> **Task requirements**
Each entry should be copied as it stands, leaving the pictures behind.

> **Available records**
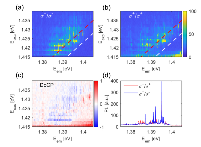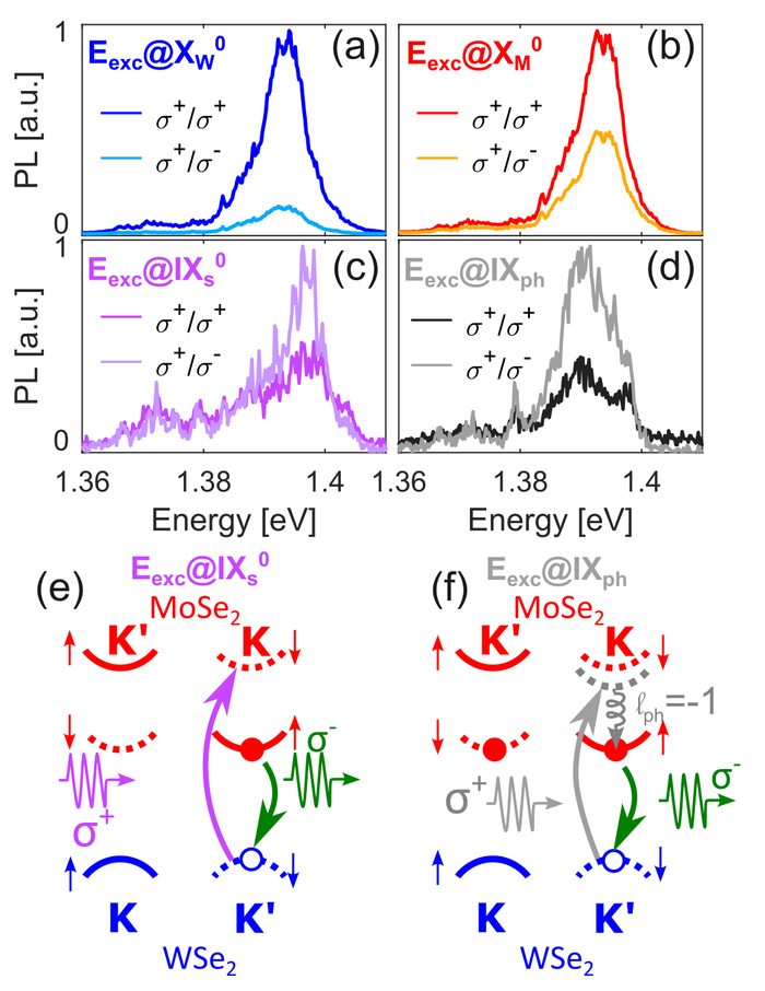 Исследование спектров фотолюминесценции межслойных экситонов выявило, что резонансное возбуждение, настроенное на внутрислойные экситоны WSe₂ и MoSe₂ или на сингулетные межслойные экситоны, приводит к эмиссии, подчиняющейся правилам оптического отбора для прямых электронных переходов, в то время как возбуждение, опосредованное хиральными фононами, вызывает циркулярно-поляризованную эмиссию, отражающую перенос псевдо-углового момента от фононов к экситонной системе.
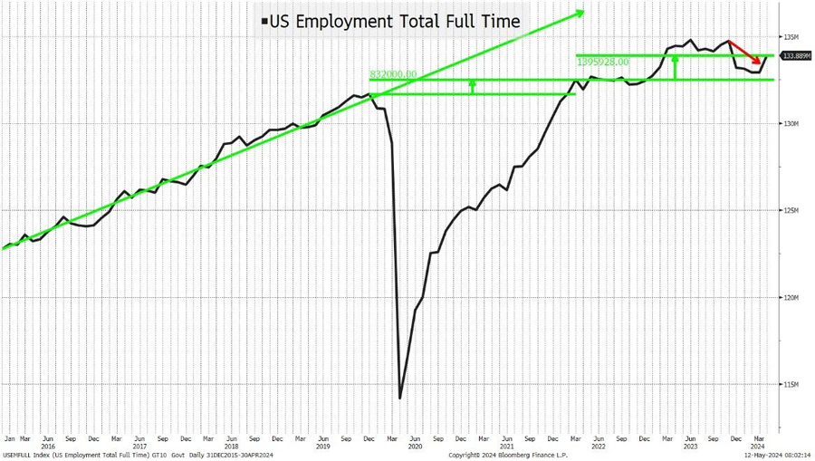 Peter Tchir explains why the consumer feels so bleak about the actually bleak economy that is being made to sound actually rosy. His full-time employment graph says in a picture what would take a thousand words:
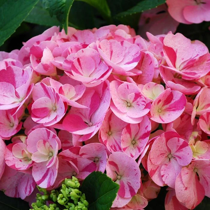Buy Sweet Fantasy™ Hydrangea online. This awesome variegated flowered mophead is going to brighten up your landscape with it’s pink and white striped flowers. They almost appear as if someone threw paint on them! These are set on top of green leaves and it will have a compact growth habit.
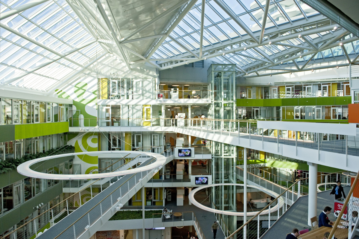 Ein komplex geformtes, lichtdurchflutetes Atrium mit großzügigen Flächen, Gärten und einem öffentlich zugänglichen Erdgeschoss bildet die Grundlage der räumlichen Entwicklung für die neue Konzernzentrale von Unilever. Die Arbeitsplätze sind alle natürlich belichtet. Eine Prismendecke unter dem Atriumdach filtert dabei das Licht nach unten und dient als Sonnenschutz und Blendschutz, ohne die Lichtmenge zu reduzieren.
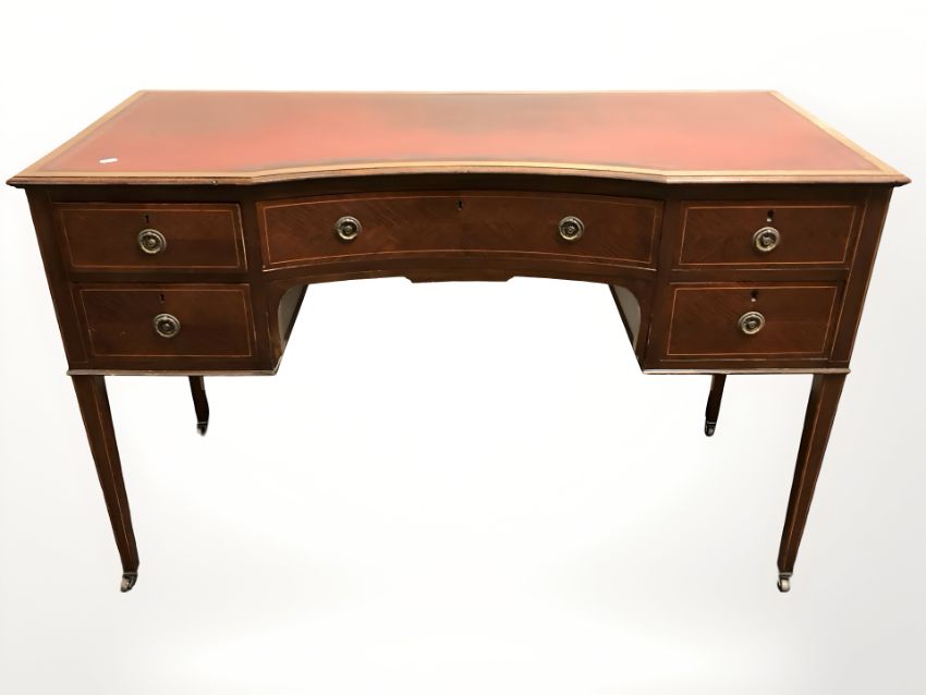 A late Victorian mahogany and satinwood strung inverted bow front writing desk, 130 cm x 55 cm x 81 cm.
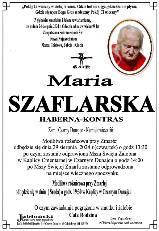 Maria Szaflarska - Nekrologi - podhale24.pl
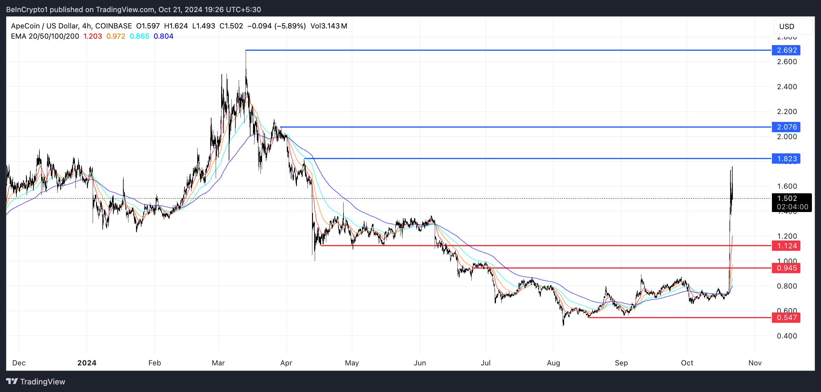 Nếu những hỗ trợ này không thành công, APE có thể giảm xuống thấp như 0.54 USD, đại diện cho một khả năng điều chỉnh 60% so với giá hiện tại. Phản ứng của thị trường đối với các phát triển sắp tới sẽ quan trọng trong việc xác định liệu APE có thể duy trì đà tăng của mình hay đối mặt với một đợt điều chỉnh đáng kể.
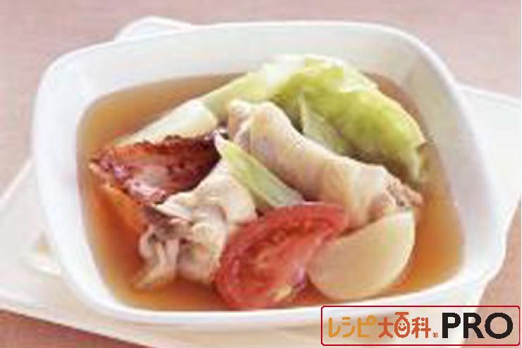 (1)に、ベーコン、キャベツ、しめじ、トマト、長ねぎの順に加え、火が通ったら順に取り出す。
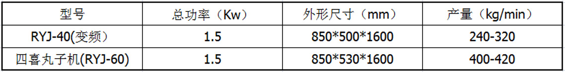 产品规格:RYJ-40(变频)/四喜丸子机(RYJ-60)双变频调节好处:变频调节可以使设备准确的用数字控制丸子机的速度与频率,在工人们每班交接时只需要交接好变频器中的数字或者设备设定好数字即可,这样生产出来的丸子直径基本没有误差,保证了丸子的大小一致。
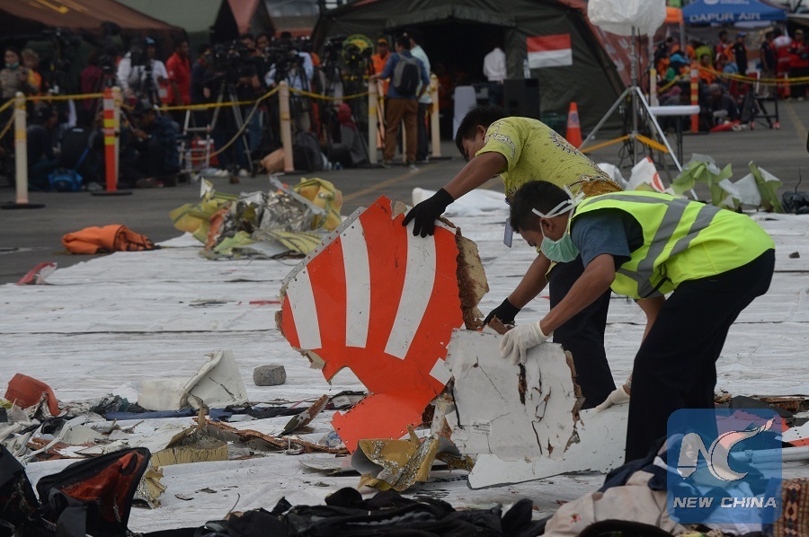Members of the National Transportation Safety Committee (KNKT) collect debris of the crashed Lion Air JT 610 at Tanjung Priok port, Jakarta, Indonesia, Nov. 2, 2018. (Xinhua/Agung Kuncahya B.)
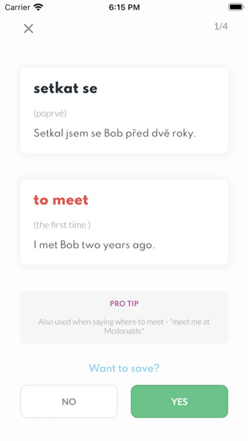 BE AWARE - This app is currently only for Czech natives! Each English word has a fantastic Czech translation, with examples sentences in both languages and a pro tip for each word.
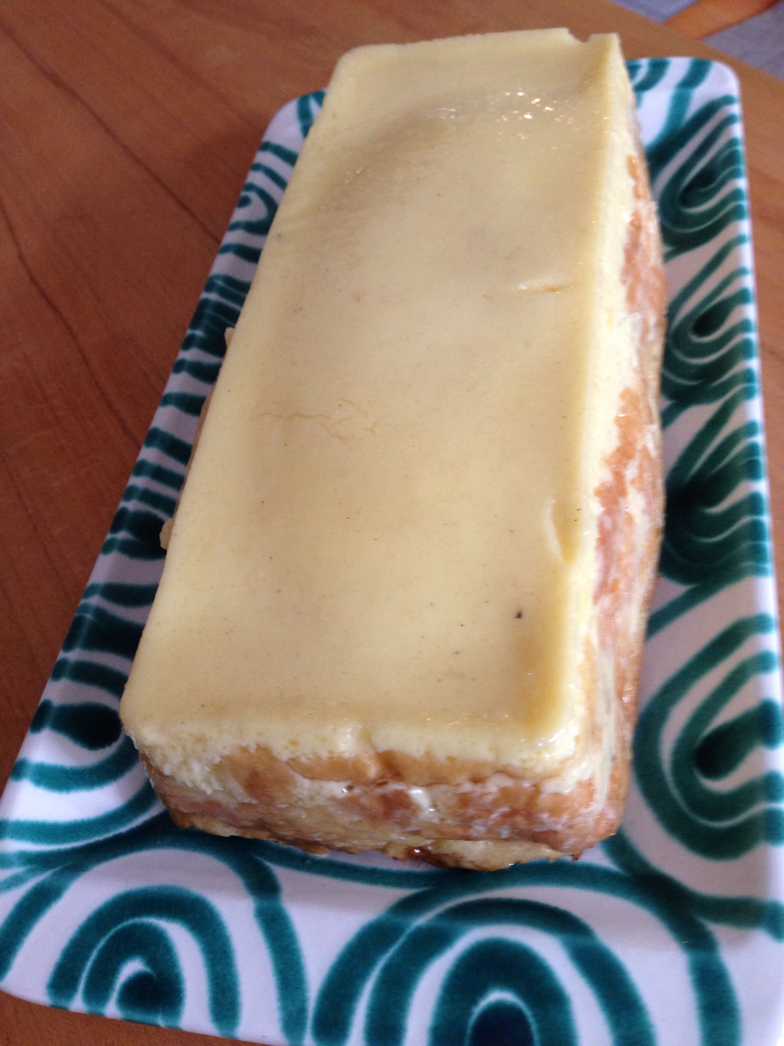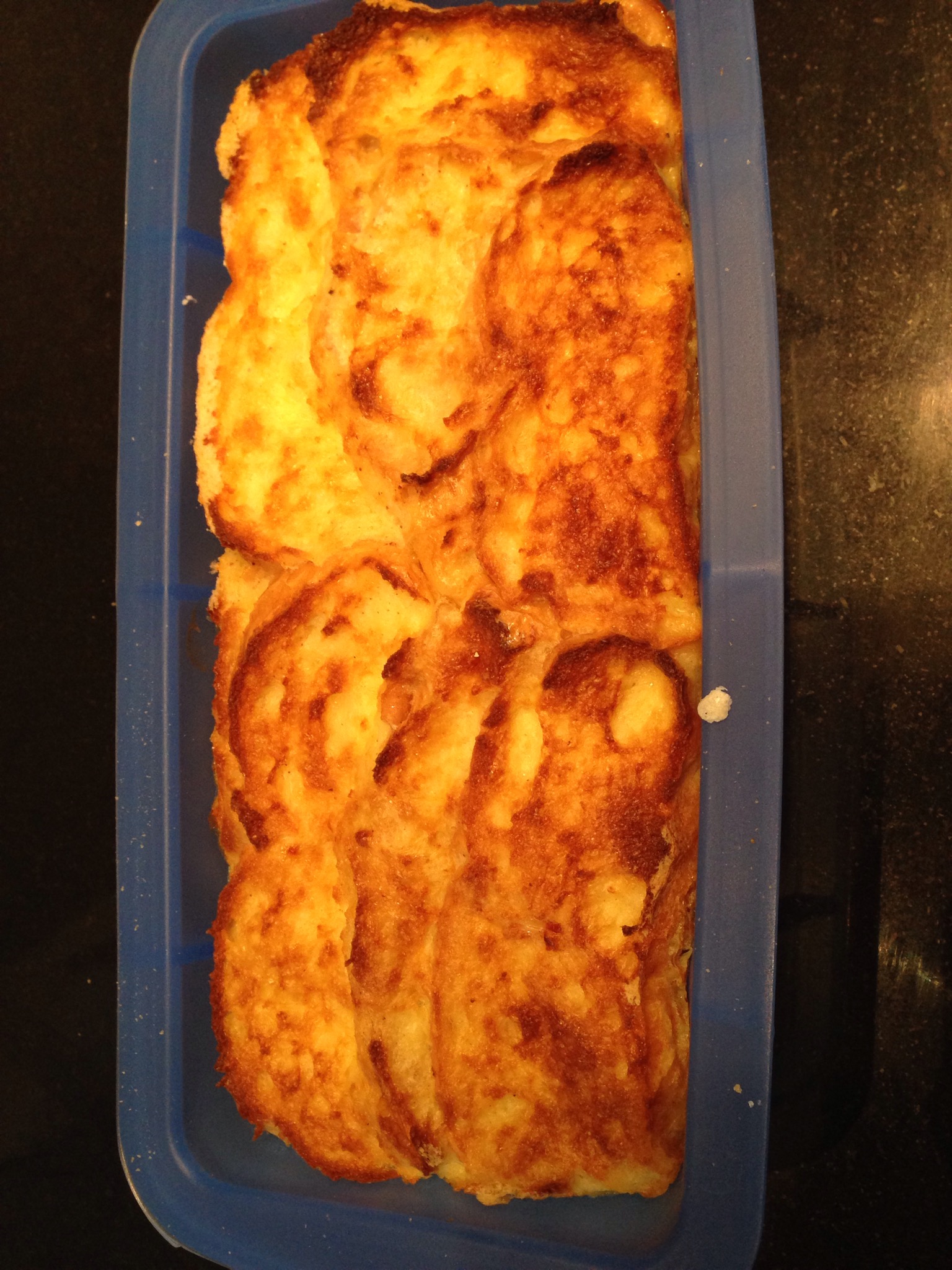 Man vermischt 0,6 l Milch, 6 Eier und 200 g Zucker, gibt etwas Zimt und Zitronenschale dazu. Mit 50 g Zucker macht man mit wenig Wasser ein Karamell, das man in eine Backform gießt. Man schichtet die einzelnen Brotscheiben darauf und gießt nach und nach das Milchgemisch dazu.

> **Solution to the exercise**
 Исследование спектров фотолюминесценции межслойных экситонов выявило, что резонансное возбуждение, настроенное на внутрислойные экситоны WSe₂ и MoSe₂ или на сингулетные межслойные экситоны, приводит к эмиссии, подчиняющейся правилам оптического отбора для прямых электронных переходов, в то время как возбуждение, опосредованное хиральными фононами, вызывает циркулярно-поляризованную эмиссию, отражающую перенос псевдо-углового момента от фононов к экситонной системе.
 Peter Tchir explains why the consumer feels so bleak about the actually bleak economy that is being made to sound actually rosy. His full-time employment graph says in a picture what would take a thousand words:
Buy Sweet Fantasy™ Hydrangea online. This awesome variegated flowered mophead is going to brighten up your landscape with it’s pink and white striped flowers. They almost appear as if someone threw paint on them! These are set on top of green leaves and it will have a compact growth habit.
 Ein komplex geformtes, lichtdurchflutetes Atrium mit großzügigen Flächen, Gärten und einem öffentlich zugänglichen Erdgeschoss bildet die Grundlage der räumlichen Entwicklung für die neue Konzernzentrale von Unilever. Die Arbeitsplätze sind alle natürlich belichtet. Eine Prismendecke unter dem Atriumdach filtert dabei das Licht nach unten und dient als Sonnenschutz und Blendschutz, ohne die Lichtmenge zu reduzieren.
 A late Victorian mahogany and satinwood strung inverted bow front writing desk, 130 cm x 55 cm x 81 cm.
 Maria Szaflarska - Nekrologi - podhale24.pl
 Nếu những hỗ trợ này không thành công, APE có thể giảm xuống thấp như 0.54 USD, đại diện cho một khả năng điều chỉnh 60% so với giá hiện tại. Phản ứng của thị trường đối với các phát triển sắp tới sẽ quan trọng trong việc xác định liệu APE có thể duy trì đà tăng của mình hay đối mặt với một đợt điều chỉnh đáng kể.
 (1)に、ベーコン、キャベツ、しめじ、トマト、長ねぎの順に加え、火が通ったら順に取り出す。
 产品规格:RYJ-40(变频)/四喜丸子机(RYJ-60)双变频调节好处:变频调节可以使设备准确的用数字控制丸子机的速度与频率,在工人们每班交接时只需要交接好变频器中的数字或者设备设定好数字即可,这样生产出来的丸子直径基本没有误差,保证了丸子的大小一致。
Members of the National Transportation Safety Committee (KNKT) collect debris of the crashed Lion Air JT 610 at Tanjung Priok port, Jakarta, Indonesia, Nov. 2, 2018. (Xinhua/Agung Kuncahya B.)
 BE AWARE - This app is currently only for Czech natives! Each English word has a fantastic Czech translation, with examples sentences in both languages and a pro tip for each word.
 Man vermischt 0,6 l Milch, 6 Eier und 200 g Zucker, gibt etwas Zimt und Zitronenschale dazu. Mit 50 g Zucker macht man mit wenig Wasser ein Karamell, das man in eine Backform gießt. Man schichtet die einzelnen Brotscheiben darauf und gießt nach und nach das Milchgemisch dazu.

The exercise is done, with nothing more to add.